Sair
de casa e viajar. Viajar, viajar muito. “Eu quero conhecer o Cristo”. Porque
queria mesmo ver o Cristo Redentor, o Rio de Janeiro... Ah, o Rio de Janeiro.
Terra de areia, gotas de mar nos cabelos, o sol na face trazia a brisa do mar. “Não,
não andei tudo isto para não entrar”. Oxalá os pés aguentassem correr mais, mas
bolhas grudam nos sapatos. O mendigo espancado no Porto do Rio talvez merecesse
meus sapatos: eles não me machucariam mais e eu teria feito uma boa ação. Mas
que ação seria maior do que se tivesse lhe ajudado? Pedi para não baterem, mas
ouvi um não e diante do não, eu recuei. Recuei como cachorro vira lata que come
carne podre do chão. Eram mil, eram um milhão. Como em um sonho, milhões de crianças
de rua choravam e me pediam comida. Mas eu não tinha. A história era triste,
mas não inventada. Talvez fosse retalhada, desavisada, inconformada; mas nunca
inventada. E eu queria dar a cada um deles um pedaço de meu sanduíche natural
integral. Não! Um copo de coca-cola com vodka, porque na noite fria e úmida, prostituição
poderia levar à euforia e nunca diriam que não. Amor de mãe? Tesão de pai?

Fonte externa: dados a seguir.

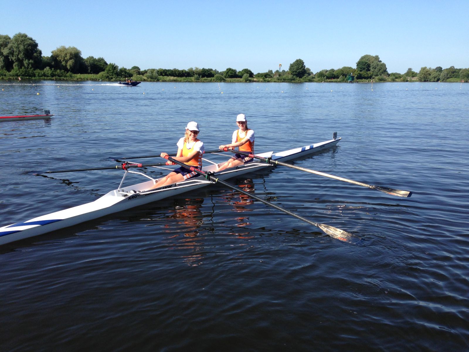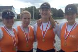 Bereits am frühen Samstagmorgen gab es die ersten Erfolgsmeldungen. Julia Barz und Dorothee Beckendorff sowie Lisa Quattelbaum und Leonie Neuhaus (EWRC) gewannen ihre Rennen im Zweier ohne Steuerfrau, wobei erst genanntes Boot die schnellere Zeit fuhr und damit als Sieger ausgewiesen wurde. Am Mittag dann feierte Karl Preuss seinen ersten Sieg in der Junirenklasse. Der 15-jährige Leichtgewichtsruderer siegte in einer ERRV-Renngemeinschaft im Doppelvierer. Erfreulich, dass sich unser KRG-Nachwuchsboot mit Marius Meier-Krüger, Niklas Meintrup, Lucas Treffkorn und Darius Drenker dahinter auf Rang zwei platzieren konnte.
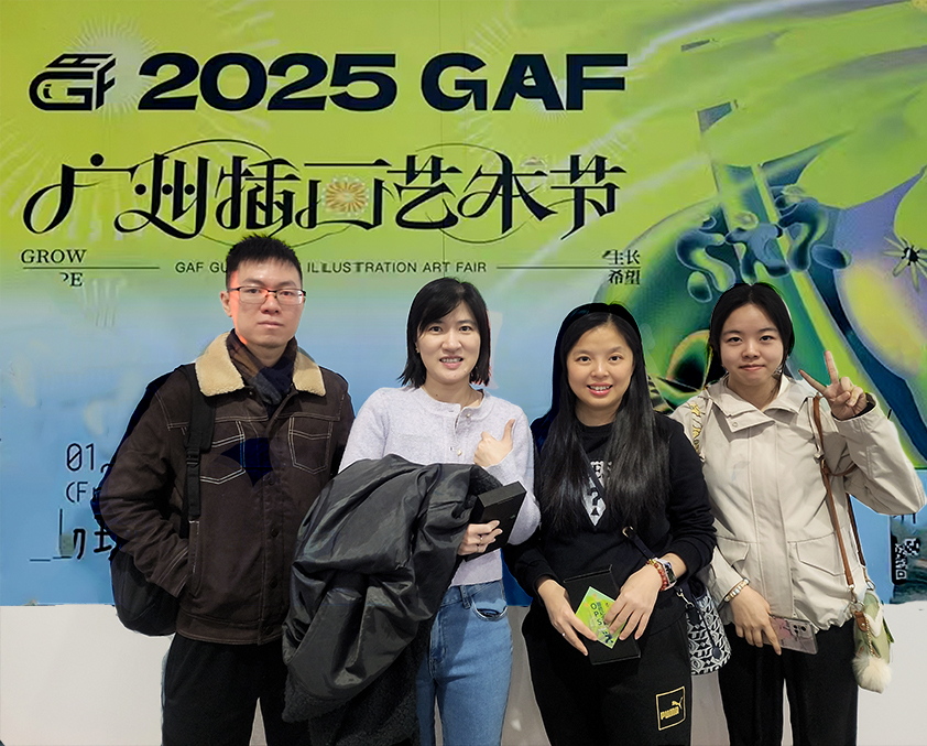 为丰富教师的文化艺术素养,提升艺术教育的创新能力,2025年1月5日 ,艺术设计学院视觉传达设计专业一行前往保利世贸博览馆参观由广州市文学艺术界联合会指导,广州插画艺术文化有限公司(GAF)主办的“2025GAF广州插画艺术节”,本次活动吸引了众多艺术爱好者、插画师以及市民前来参观,共同感受插画艺术的独特魅力。视觉传达设计教研室主任罗靖、副教授曾小兰、专任教师梅秉峰、专任教师卢晓瑶等出席了本次活动。

Nunca sonharam com um carinho despretensioso, aquelas crianças. Des-pretender o
quê?! Se o fim lhes viesse, era o fim também para mim que os observava sem
querer observar. Olhos fechados, a baba escorrendo no queixo e pelo
travesseiro. Morte ou Amor? Fodam-se as linhas tortas, dane-se o choro
engolido. Se te amei foi por um copo de vodka e um pouco de vinho branco suave,
por favor. Como pular de um muro no alto do Cristo Redentor e gritar, até
acabar, até me acabar. No limite do horizonte, ali eu também, caindo livre.